We can see that \(\ddot{x}_i = u_{tt} (x, t)\). Using Taylor series expansion about \(x\), we have,

\[\frac{(x_{i+1} - 2x_i + x_{i-1})}{h^2} = u_{xx}(x, t) + u_{xxxx}(x, t) \frac{h^2}{12} + O(h^4)\]

Similarly,

\[\alpha (x_{i+1} - x_{i-1}) = (2 \alpha h )u_x(x, t) + \frac{2 \alpha h^3}{6} u_{xxx}(x, t) + O(h^5)\]

We arrive at,

\[\left(\frac{1}{c^2}\right) u_{tt} - u_{xx} = \epsilon u_x u_{xx} + O(h^2)\]

where \(\epsilon = 2 \alpha h\).
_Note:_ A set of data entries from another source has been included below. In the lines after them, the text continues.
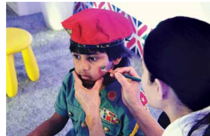
تلوين على الوجه بمناسبة العيد الوطني

وتخلل الدورة السنوية السادسة للمهرجان الجماهيري سلسلة من المناسبات الرامية إلى الاحتفاء بالإرث الذي خلفه الأب المؤسس، الشيخ زايد بن سلطان آل نهيان طيب الله ثراه. أقيم المهرجان بين ١٩ نوفمبر و١٢ ديسمبر، وقدم مجموعة متنوعة من النشاطات الممتعة، كالمعرض التقليدي لعادات الإمارات وتقاليدها، وورش عمل حرفية تفاعلية، ومسابقات لرياضة الصقارة، وسوق فريدة عالمية، وفنون فولكلورية إماراتية.
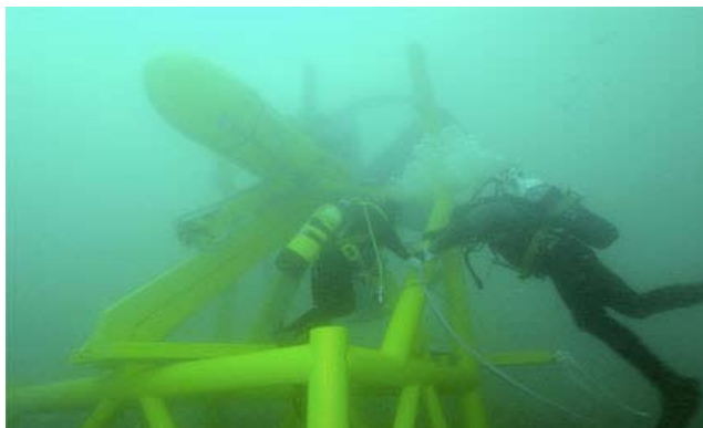
Immersation de Sabella D03 fin mars 2008
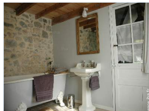
salle(s) de bain

We obtain the PDE,

\[u_{tt} = c^2(1 + \epsilon u_x )u_{xx}\]

One can draw parallels between this equation and the inviscid Burgers equation, which is known to develop shocks in finite time, for generic initial conditions. For wave like solutions, the rising part of the wave with goes faster with \(u_x > 0\) than the fallling part with \(u_x < 0\), leading to wave steepening and shock formation. One can see how following the inviscid Burgers equation develops shocks over a finite time. This happens over a characteristic time scale \(t_s\) which is found to be much smaller than the recurrence time observed in the FPUT simulations.
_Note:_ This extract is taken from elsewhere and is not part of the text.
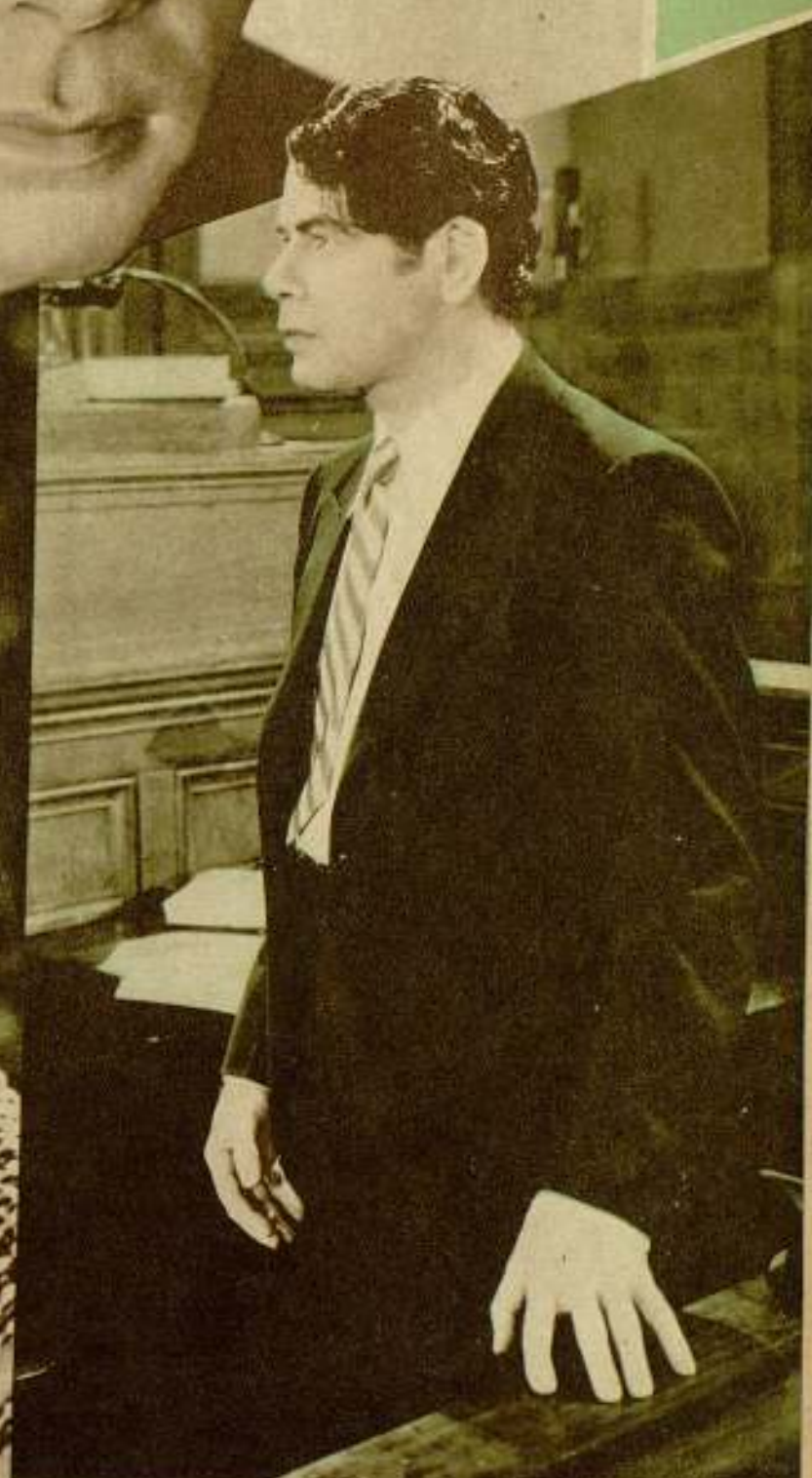
Varias escenas de esta emotiva película de Warner Bros-First National, cuyos principales papeles están interpretados por Bette Davis, Margaret Lindsay y el admirado actor Paul Muni.

This is unphysical, since the FPUT system with small nonlinearity does not exhibit such shock formation. To resolve this issue, we follow the approach by Zabusky and Kruskal. The correct approach is to keep higher order terms in the Taylor series expansion. Keeping terms upto order \(h^2\), we obtain the PDE,

\[\frac{1}{c^2} u_{tt} = (1 + 2 \alpha h u_x )u_{xx} + \frac{ h^2}{12} u_{xxxx} + O(h^4) \tag{KZ}\]
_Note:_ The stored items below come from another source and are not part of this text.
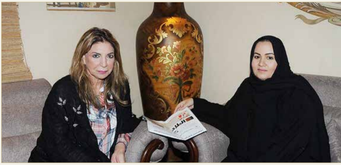
البنغديري أثناء لقائنا مع "البلاد"
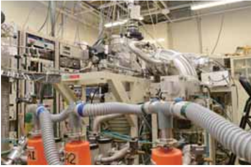
固体表面での反応を解析するための超音速分子線装置
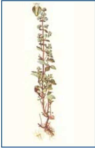
Maggiorana Origanum majorana

E' una pianta perenne, suffruticosa, alta 20-25 cm, angolosa e pubescente, con foglie opposte, piccole, ovate, intere. I fiori, molto piccoli, sono riuniti in spicasteri terminali, con corolla colore porpora o bianco. Il frutto è un tetrachenio. L'odore è aromatico, penetrante e gradevole. E' originaria dell'Asia centrale, Africa boreale ed Arabia. Coltivata negli orti, la troviamo inselvatichita nelle zone mediterranee e submontana. La parte attiva è costituita dalle porzioni erbacee della pianta, da cui si estrae l'essenza di maggiorana, che è un liquido giallo o giallo-verdastro che contiene terpineolo, borneolo, canfene e sabinene. La pianta contiene anche tannini, pentosani e un principio amaro. Ha un'azione antispasmodica che favorisce la digestione e calma i nervi. Possiede un notevole potere battericida. La maggio-
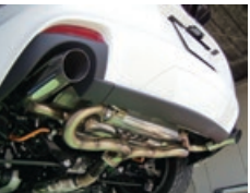
SUPER DolphinTail Muffler NO:MO-033035-006 【前期】——¥184,800(税込)¥168,000(税抜) NO:MO-033035-016 【後期】——¥196,020(税込)¥178,200(税抜)
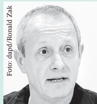
Peter Pilz Sicherheitssprecher Die Grünen
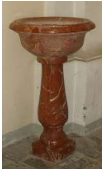
L'acqua Santiera nella Chiesa Parrocchiale di Mergoscia

The additional fourth order derivative term acts as a dispersive term, preventing shock formation. We now differentiate w.r.t. \(x\) and define \(w = u_x\), to obtain,

\[\frac{1}{c^2} w_{tt} = w_{xx} + \alpha h \frac{\partial^2}{\partial w \partial x} + \frac{h^2}{12} w_{xxxx} + O(h^4)\]

This is known as the Boussinesq equation. This admits wave like solutions that do not form shocks, these are periodic water waves.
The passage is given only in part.